The resultant matrix of stem and crown birds was subjected to Bayesian tip dating analysis using the FBD model implemented in MrBayes 3.2.6 [33]. To account for temporal uncertainty in the first appearances of fossil taxa, taxon ages were represented by a uniform probability distribution covering the full uncertainty of the age of the geological formation or assemblage zone in which they first appear. An independent gamma rates model was employed to account for rate heterogeneity among branches. Rate heterogeneity among characters was also modelled as a gamma distribution. The analysis was carried out with two runs containing two chains for 50 million generations, sampling every 1000, with 25% of samples discarded as burn-in.

Node age priors were assigned to the crown groups of Neoaves, Galloanserae, Neognathae, Palaeognathae and Neornithes. Truncated normal distributions were employed, with the mean and standard deviations of ages taken from molecular clock studies and the minimum ages representing the ages of the oldest known fossils belonging to each crown clade.
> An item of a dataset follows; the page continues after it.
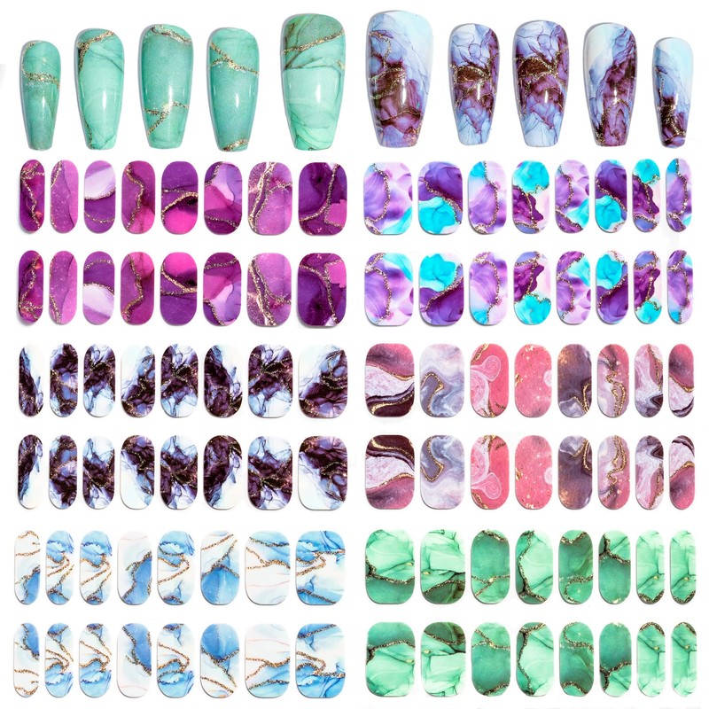 Sun&Beam Nails ネイルシール ジェルネイルシール 手用 貼るだけ 人気 かわいい おしゃれ デザイン ネイル シール フルカバー 付け爪 セルフネイル 長持ち はがせるジェルネイル 6枚 セット (#2 マーブル)

Four sets of node age priors were used, based on alternative molecular divergence time studies positing markedly different temporal scenarios for early crown bird evolution: Brown et al. [7], where the majority of early neornithine divergences occur in the Early Cretaceous (hereafter referred to as the Brown priors); Jarvis et al. [34], where early neornithine divergences occurred in the Late Cretaceous with diversification in the Early Palaeogene (hereafter the Jarvis priors); Prum et al. [9], where the initial neornithine divergences occurred in the latest Cretaceous, and the majority of divergences occurred in the Palaeogene (hereafter the Prum priors); and a set of priors where divergence times for the major neornithine subclade Neoaves were drawn from Prum et al. [9] and all others from Jarvis et al. [34] (hereafter the J&P priors).
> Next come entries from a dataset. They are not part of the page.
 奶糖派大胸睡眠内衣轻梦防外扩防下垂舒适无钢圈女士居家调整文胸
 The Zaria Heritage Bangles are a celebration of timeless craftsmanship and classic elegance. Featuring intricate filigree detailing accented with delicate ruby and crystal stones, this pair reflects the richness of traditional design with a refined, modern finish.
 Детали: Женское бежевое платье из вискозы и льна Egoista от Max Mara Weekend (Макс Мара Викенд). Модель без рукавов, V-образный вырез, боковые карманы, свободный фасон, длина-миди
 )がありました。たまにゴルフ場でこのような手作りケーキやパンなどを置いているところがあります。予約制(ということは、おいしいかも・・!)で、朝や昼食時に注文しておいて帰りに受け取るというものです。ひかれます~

As employed by Field et al. [21], partial topological constraints were assigned to ensure that the phylogenetic inter-relationships of extant taxa were consistent with topologies obtained from molecular data, but the position of fossil taxa could be inferred based on the analysis of morphological data. However, a modification was required as MrBayes does not allow nodes with partial topology constraints to be assigned node age priors. Therefore, full constraints were employed on the nodes for which age priors were assigned (Neoaves, Galloanserae, Neognathae, Palaeognathae and Neornithes), with fossil taxa assigned to the clades in which they were found by Field et al. [21]. Since the precise affinities of Asteriornis remain unclear [21], two sets of analyses were carried out: one where Asteriornis was constrained within crown Galloanserae, and one where it was constrained within crown Neognathae, but outside crown Galloanserae.

(c) . Bayes factor calculation

The results of the analyses were compared via Bayes factors. Stepping-stone analyses were used to infer the marginal likelihood of each hypothesis in MrBayes; these refer to a series of Markov chain Monte Carlo simulations that iteratively sample from probability distributions forming discrete steps between the posterior and prior distributions, placing increasing emphasis on priors, to see if hypotheses more consistent with the prior assumptions produce trees with higher likelihoods [35]. The Bayes factor is calculated as double the difference in log likelihoods between two hypotheses.

3. Results and discussion

The Bayes factors comparisons produce reasonably consistent results depending on the position of Asteriornis within or outside the galloanseran crown group. The Brown priors receive extremely poor support when compared with others, and the Jarvis priors are consistently better supported than the Prum priors (table 1). Using the criteria defined by Kass & Raftery [36], support for the Jarvis priors over both the Prum and the Brown priors is ‘very strong’. Under all four sets of priors tested, the analyses where Asteriornis was constrained to a position within the galloanseran crown received the highest likelihood, consistent with the original analyses of Field et al. [21].

Table 1.

Likelihoods and Bayes factor comparisons of the tip-dating analyses with four sets of age priors and two sets of topology constraints.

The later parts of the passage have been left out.